DATASET EXCERPTS ▸
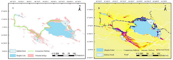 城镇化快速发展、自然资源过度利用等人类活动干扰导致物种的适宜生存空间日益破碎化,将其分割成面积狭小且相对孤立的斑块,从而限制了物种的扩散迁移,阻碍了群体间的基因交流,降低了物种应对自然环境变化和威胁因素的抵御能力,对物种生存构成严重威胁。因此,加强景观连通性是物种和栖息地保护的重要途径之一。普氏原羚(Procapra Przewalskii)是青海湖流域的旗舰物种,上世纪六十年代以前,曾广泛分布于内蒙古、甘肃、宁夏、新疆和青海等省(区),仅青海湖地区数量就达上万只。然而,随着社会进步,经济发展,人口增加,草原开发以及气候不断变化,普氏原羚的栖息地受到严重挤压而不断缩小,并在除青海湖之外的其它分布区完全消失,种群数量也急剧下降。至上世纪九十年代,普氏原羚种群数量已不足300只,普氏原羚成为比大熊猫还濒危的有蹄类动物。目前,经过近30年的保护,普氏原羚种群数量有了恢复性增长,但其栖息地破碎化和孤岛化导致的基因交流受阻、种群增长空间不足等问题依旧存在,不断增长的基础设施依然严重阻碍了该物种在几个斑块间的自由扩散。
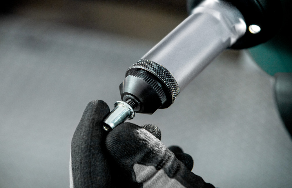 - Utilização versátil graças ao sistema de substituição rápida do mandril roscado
...
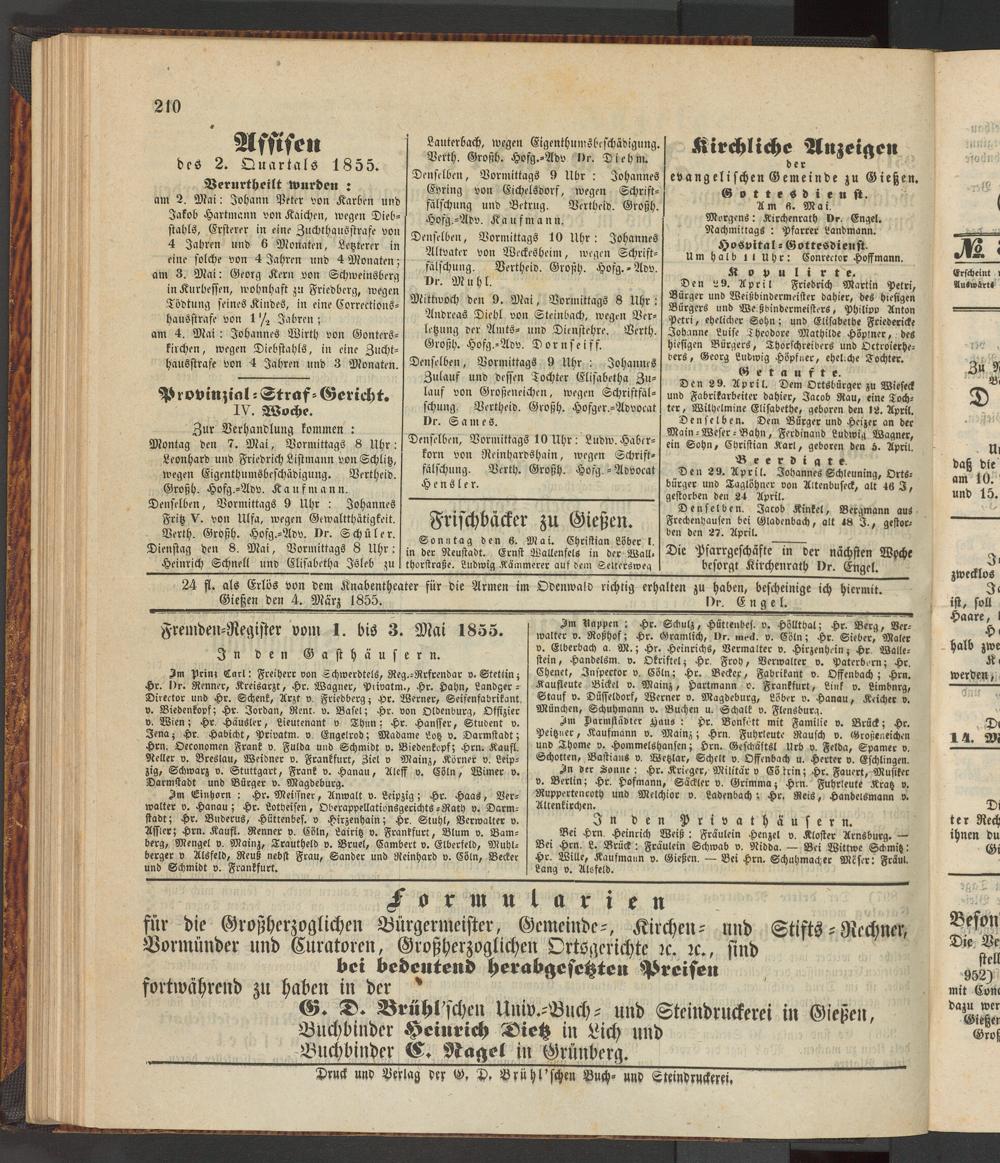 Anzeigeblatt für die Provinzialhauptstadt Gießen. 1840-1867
--
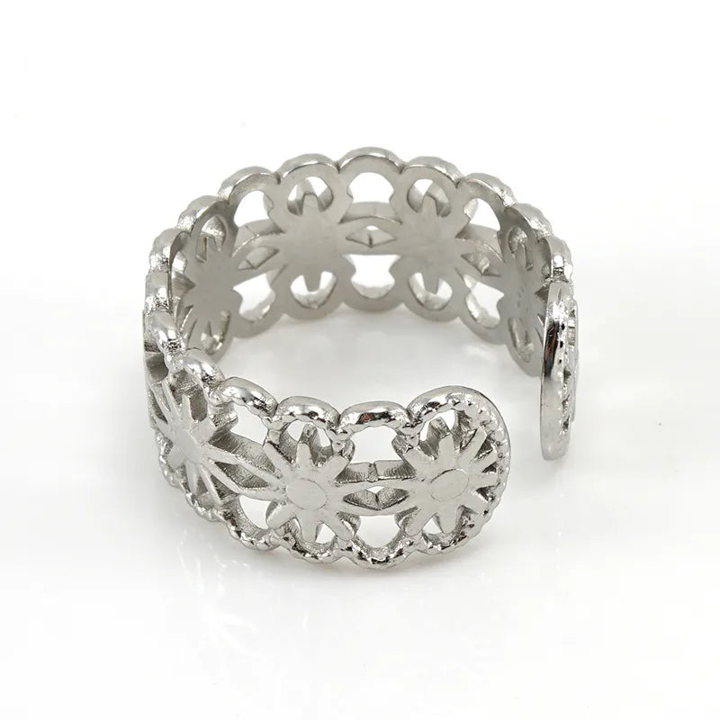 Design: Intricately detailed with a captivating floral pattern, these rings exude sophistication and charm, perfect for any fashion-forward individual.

WHAT THE TASK REQUIRES ▸ Restate word for word the lines of the data above that begin at the line with "城镇化快速发展、自然资源过度" and end at the line with "- Utilização versátil", keeping both ends and dropping every picture.

EXPECTED ANSWER ▸
 城镇化快速发展、自然资源过度利用等人类活动干扰导致物种的适宜生存空间日益破碎化,将其分割成面积狭小且相对孤立的斑块,从而限制了物种的扩散迁移,阻碍了群体间的基因交流,降低了物种应对自然环境变化和威胁因素的抵御能力,对物种生存构成严重威胁。因此,加强景观连通性是物种和栖息地保护的重要途径之一。普氏原羚(Procapra Przewalskii)是青海湖流域的旗舰物种,上世纪六十年代以前,曾广泛分布于内蒙古、甘肃、宁夏、新疆和青海等省(区),仅青海湖地区数量就达上万只。然而,随着社会进步,经济发展,人口增加,草原开发以及气候不断变化,普氏原羚的栖息地受到严重挤压而不断缩小,并在除青海湖之外的其它分布区完全消失,种群数量也急剧下降。至上世纪九十年代,普氏原羚种群数量已不足300只,普氏原羚成为比大熊猫还濒危的有蹄类动物。目前,经过近30年的保护,普氏原羚种群数量有了恢复性增长,但其栖息地破碎化和孤岛化导致的基因交流受阻、种群增长空间不足等问题依旧存在,不断增长的基础设施依然严重阻碍了该物种在几个斑块间的自由扩散。
 - Utilização versátil graças ao sistema de substituição rápida do mandril roscado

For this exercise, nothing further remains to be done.